As at the Expiration Deadline, €293,883,000 in aggregate principal amount of the Notes were validly tendered pursuant to the Offer. The Offeror hereby announces that (subject to satisfaction or waiver of the New Issue Condition on or prior to the Settlement Date) it will accept all valid tenders of Notes for purchase pursuant to the Offer and accordingly the Final Acceptance Amount is €293,883,000. No Scaling Factor shall be applied.


The expected Settlement Date for the Offer, subject to satisfaction or waiver of the New Issue Condition, is 17 January 2024, after which €106,117,000 in aggregate principal amount of the Notes will remain outstanding.
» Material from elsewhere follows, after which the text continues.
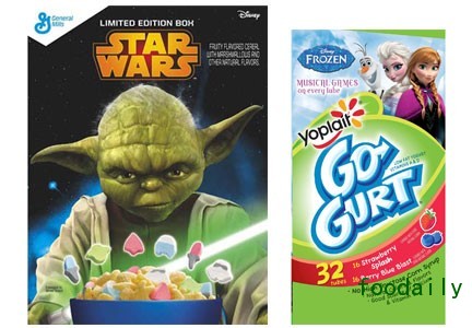 星际大战的卡通形象出现在通用磨坊两款新的产品中。星际大战飞船形状的果味谷物片,塑型成lightsabers, storm troopers, Yoda 和 R2-D2的棉花糖是星际大战主题谷物产品的特色。每份含有9 g糖和10 g全谷物。

The Offeror intends to cancel those Notes accepted for purchase pursuant to the Offer.


The Offeror will, on the Settlement Date, pay for Notes validly tendered and accepted by it for purchase pursuant to the Offer (subject to the satisfaction or waiver of the New Issue Condition on or prior to the Settlement Date) a cash amount equal to 102.00 per cent. of the principal amount of Notes accepted for purchase by it pursuant to the Offer (the “Purchase Price”).


The Offeror will also pay an Accrued Interest Payment in respect of Notes accepted for purchase by it pursuant to the Offer. The Accrued Interest Payment shall be payable by the Offeror as part of the consideration under the Offer and is not, for the avoidance of doubt, a payment pursuant to the terms of the Notes."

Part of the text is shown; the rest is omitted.